State Auditors Investigating Second Johnston County Town

Less than two weeks after an anonymous tip prompted state auditors to being reviewing financial records at one Johnston County town, a second tip has prompted investigators to look at another municipality.

The Benson Board of Commissioners held an emergency meeting with representatives from the NC Office of the State Auditor on Friday.  The meeting was held after a complaint was filed relating to the Town of Benson. Specifically what the complaint was has not been disclosed.

Benson Mayor William Massengill Jr.
Benson Mayor William Massengill Jr.

During Friday’s meeting, Mayor William Massengill Jr. said in a prepared statement, “Today, the Benson Board of Commissioners met with staff from the Office of the State Auditor to learn about the process which will be undertaken in regards to an investigation which was prompted by information sent to their internet based tip line. The Town of Benson understands and fully supports the work of the State Auditor to assure that the people’s monies are spent according to law.”

Massengill said, “We are not aware of any impropriety and will cooperate fully with any investigation. We understand that the state auditor has to investigate all complaints and we fully support this transparency and oversight.”

In a member dated Feb. 11th, Town Manager Matt Zapp also said, “The Town of Benson is unaware of any wrongdoing or misuse of public funds.”

On Feb. 2nd, representatives from the state auditor’s office met in closed session with Micro Mayor Jay Warren and members of the Micro Town Board after a similar tip was phoned in about allegations involving town funds in July 2015.  Warren said Micro was fully cooperating with the state probe and added, “Sometimes tips are bogus.”

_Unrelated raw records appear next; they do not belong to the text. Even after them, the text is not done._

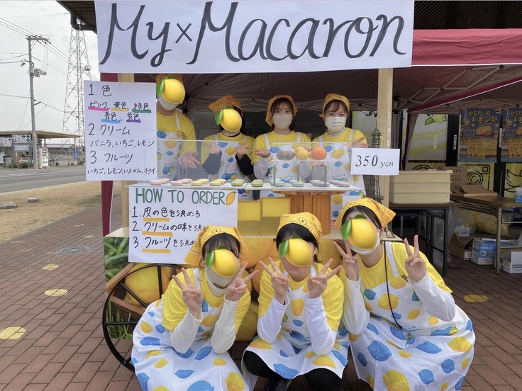 私たちは、先輩方が発案してくださったカスタムマカロンをせとだレモン祭まで繋いでいきました。先輩たちからプロジェクトを受け継ぎ私たちもそれに参画していきたいと思い、新商品開発というプロジェクトを行います。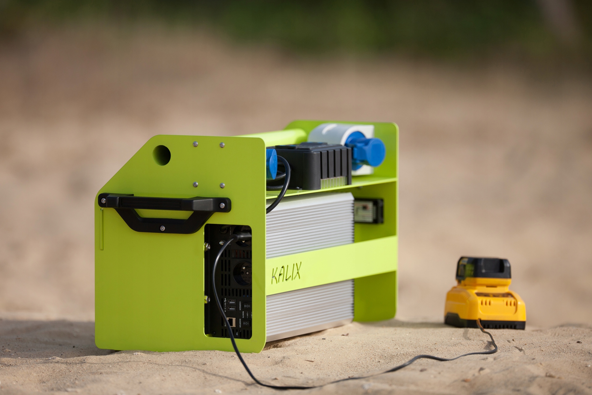 В комплект входить акумуляторний накопичувач енергії потужністю 1,9 кВтг з вбудованим інвертором потужністю 2 кВт і дві портативні сонячні панелі потужністю 200 Вт кожна з кабелем довжиною 5 м.це рішення дозволяє встановити панель в межах сонячного світла на певний час в будь-якому місці, поки генератор знаходиться всередині будівлі або транспортного засобу.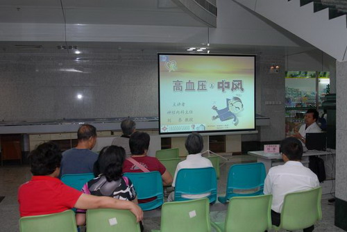 2009年10月8日是我国的第十二个“全国高血压日”, 根据今年“全国高血压日”的主题,为了提高民众对高血压疾病的认识,呼吁居民改善生活方式,减少食盐摄入,有效地预防和控制高血压, 2009年10月10日,一附院于新门诊楼大堂内开展了“盐与高血压”主题义诊活动,广西名中医李忠业、钱海凌等心血管病专家以及神经内科、干部病区、预防保健科、营养膳食科的多位教授为前来诊病的近100位群众义诊及提供咨询服务,神经内科主任刘泰教授应用多媒体这一通俗易懂而又生动的形式为大家进行了“高血压与中风”的健康宣教,是一附院“周末健康大放送”讲堂系列活动的首次讲座,受到参加活动病友及群众的好评和热烈欢迎。

Bill Holmes, a spokesperson for the NC State Auditor’s Office, told WTSB News on Feb. 5th the agency does release information about ongoing investigations. He would neither confirm nor deny auditors are investigating possible irregularities at the Town of Micro.

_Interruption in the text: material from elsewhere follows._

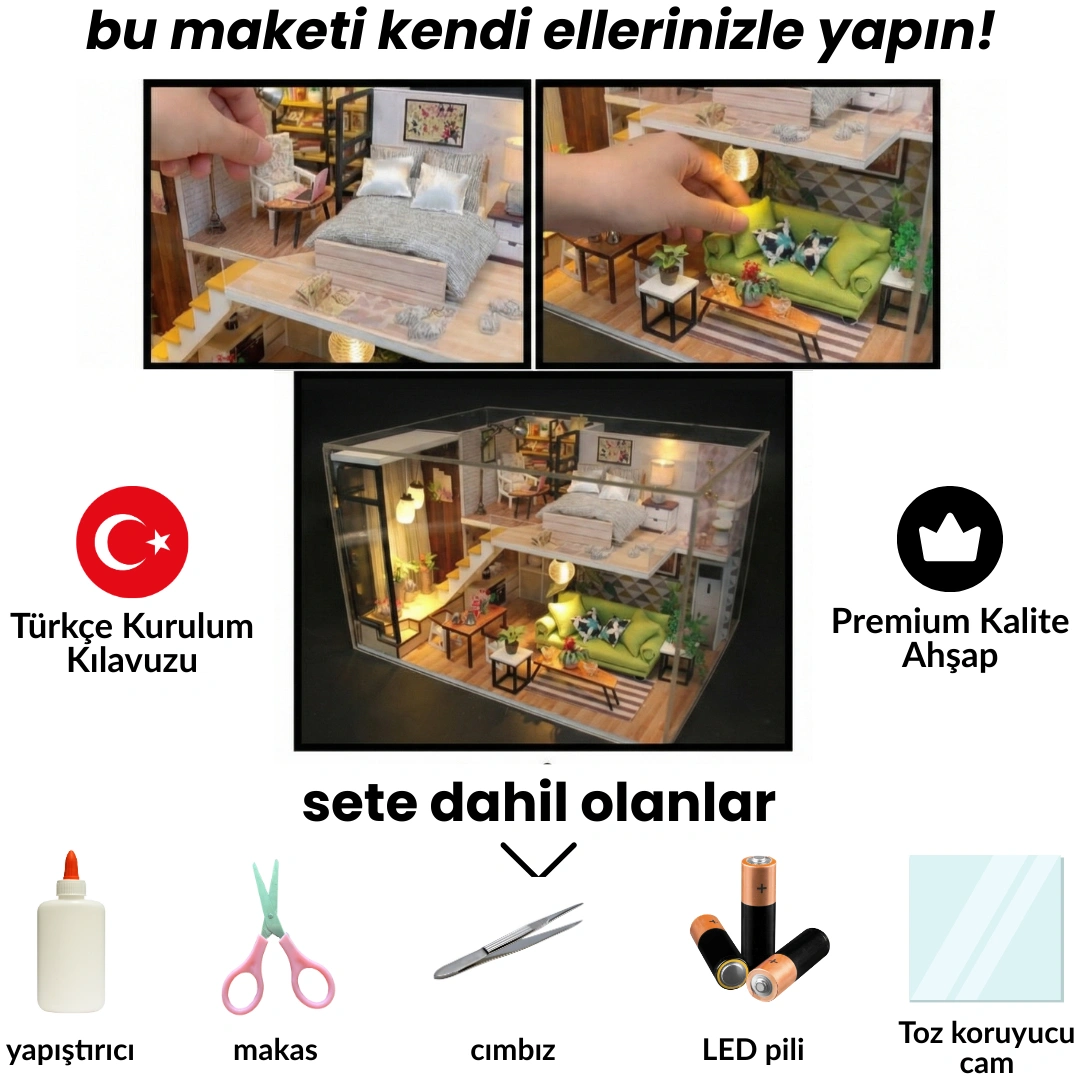 Modern Loft, sadece görsel bir dekor değil; aynı zamanda yaratıcı ellerinize hayat vereceğiniz bir kendin yap macerası! Ahşap mobilyalar, dekoratif aksesuarlar ve zarif dokunuşlarla dolu bu minyatür ev, adım adım sizi keyifli bir inşa sürecine davet ediyor. Hobi evini oluştururken her detayda kendi kişisel dokunuşunuzu katacak ve bitirdiğinizde evinizde sergileyeceğiniz bir sanat eseri yaratmış olacaksınız.

“We as a matter of policy do not talk about audits… because we don’t know the results of those until we get to the end,” Holmes said. “If you start talking about what somebody may or may not have done, it may unfairly target the object of those complaints. The way we operate is if we get to the point where we find something that would be considered reportable, under auditing or investigative standards, then we would be happy to talk about the report.”